• _Source records_:
________________

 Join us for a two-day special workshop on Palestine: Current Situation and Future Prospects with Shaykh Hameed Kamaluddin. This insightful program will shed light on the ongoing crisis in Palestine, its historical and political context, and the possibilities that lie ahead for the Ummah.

________________

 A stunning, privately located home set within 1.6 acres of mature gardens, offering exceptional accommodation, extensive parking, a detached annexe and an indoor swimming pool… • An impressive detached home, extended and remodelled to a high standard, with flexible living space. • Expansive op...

________________

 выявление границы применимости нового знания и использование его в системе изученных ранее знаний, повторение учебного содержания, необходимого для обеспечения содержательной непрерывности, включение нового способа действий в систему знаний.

________________

• _Problem to solve_:
Scan the data above; copy every line where "with" appears.

• _Output below_:
 Join us for a two-day special workshop on Palestine: Current Situation and Future Prospects with Shaykh Hameed Kamaluddin. This insightful program will shed light on the ongoing crisis in Palestine, its historical and political context, and the possibilities that lie ahead for the Ummah.
 A stunning, privately located home set within 1.6 acres of mature gardens, offering exceptional accommodation, extensive parking, a detached annexe and an indoor swimming pool… • An impressive detached home, extended and remodelled to a high standard, with flexible living space. • Expansive op...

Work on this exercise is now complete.